Il est prévu très rapidement des discussions inter-syriennes. Mais elles ne pourront aboutir que si, avec notre appui et notre garantie, le cadre politique crédible défini par les communiqués de Genève et de Vienne est effectivement construit. Ce cadre repose sur plusieurs principes :

— le premier est la mise en place d’une transition politique effective qui implique le transfert à une autorité de transition des pleins pouvoirs exécutifs, notamment le contrôle sur l’appareil militaire et sécuritaire, comme le prévoit le Communiqué de Genève. Cette première étape devra intervenir rapidement ;

— il faudra aussi, deuxième point, une réforme des institutions, en particulier dans le domaine de la sécurité, afin de permettre à la Syrie de se doter d’un cadre respectueux de la diversité du peuple syrien ;

— Enfin, il faut également des garanties sur le départ de Bachar Al-Assad, qui s’impose pour des raisons non seulement morales, mais comme nous l’avons déjà souligné pour des raisons d’efficacité. Comment un homme pourrait-il rassembler un peuple qu’il a en grande partie contribué à massacrer ? Et à ce propos, quelques soient nos idées, nous ne devons pas dissimuler une réalité politique incontournable. Tant que persistera la gouvernance actuelle de M. Bachar Al-Assad, une réconciliation véritable et durable entre la population et l’Etat syrien apparait hors de portée.

Enfin, je voudrais dire en quelques mots ce que nous pensons du cessez-le-feu. Il doit intervenir, il doit être national, viable et vérifiable. Afin qu’il puisse se maintenir dans la durée, nous pensons que trois conditions au moins doivent être remplies.

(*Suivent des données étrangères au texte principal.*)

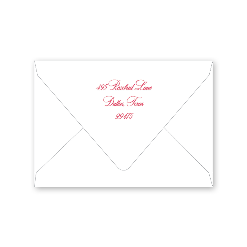 Enter your order quantity and check your total. Please enter your address EXACTLY like you want it printed on your envelope in the "Note" box below. Click Add to Cart. You will not receive a proof during the holidays (September 15 – December 31), unless your accompanying card requires a proof. If you do not include your address in the "Note" box or email it to Customer Service within 24 hours of placing your order, we will use your shipping address as the printed return address on your envelope.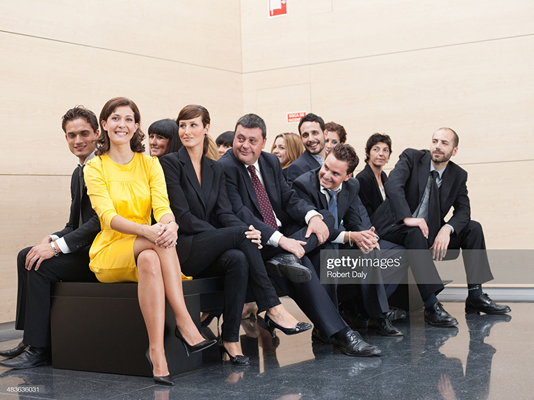 This photo is meant to portray a person who stands out from the crowd and draws attention towards themselves, but that is not what we get. The way the models in suits are fixated on the woman in yellow is unsettling and weird. The most comical part of this photo is the 4th man in the first row; every other model is looking at the woman in yellow but the 4th guy is smiling directly at the camera. Also, all those people crammed on that bench cannot be comfortable. There are plenty of other ways to convey the concept of standing out without using this photo.

— D’abord, nous croyons que le cessez-le-feu doit accompagner la transition et non la précéder, et que seul l’avènement de cette transition apportera à l’opposition les conditions de sécurité nécessaires ;

— Ensuite, nous pensons qu’il faut préparer le cessez-le-feu par des mesures humanitaires immédiates destinées à soulager les populations et à crédibiliser le processus politique. Le respect du droit international humanitaire constitue en effet un impératif– en particulier l’arrêt immédiat des attaques indiscriminées contre les civils ainsi que l’accès sans entrave de l’aide humanitaire. Des mesures de confiance seraient bienvenues pour construire un socle en direction du cessez-le-feu.

— Enfin, après de telles violences, la surveillance du cessez-le-feu sera une tâche ardue qui nécessitera des solutions innovantes sur le terrain, mais aussi, au plan politique, un mécanisme dans lequel les membres du Groupe International de Soutien pour la Syrie les plus concernés et les membres permanents du Conseil de sécurité tiendront les parties comptables du respect de leurs engagements.

Chers collègues,

J’ai parlé au début de mon propos d’une lueur d’espoir et d’une résolution-feuille de route. Tous autour de la table, nous devons contribuer de bonne foi à créer les conditions d’une vraie transition politique en Syrie. Il reviendra à chacun d’user de son influence pour conduire les parties syriennes à respecter les orientations que nous avons définies, en particulier lorsque débuteront prochainement les pourparlers inter-syriens sous l’égide des Nations Unies et de Staffan de Mistura.

La France sera à la fois active et vigilante. Et nous serons vigilants pour que toutes les forces militaires soient tournées vers la lutte contre Daesh et l’éradication du terrorisme. Nous serons vigilants pour que les parties, et d’abord le régime, s’engagent dans la négociation et respectent leurs obligations humanitaires. Et nous serons vigilants pour que la communauté internationale s’engage effectivement en faveur d’une transition crédible et d’un cessez-le-feu durable. Ce n’est qu’à travers ces objectifs clairs et cette unité retrouvée que la communauté internationale pourra, comme nous le souhaitons, triompher du terrorisme et mettre un terme à la tragédie syrienne.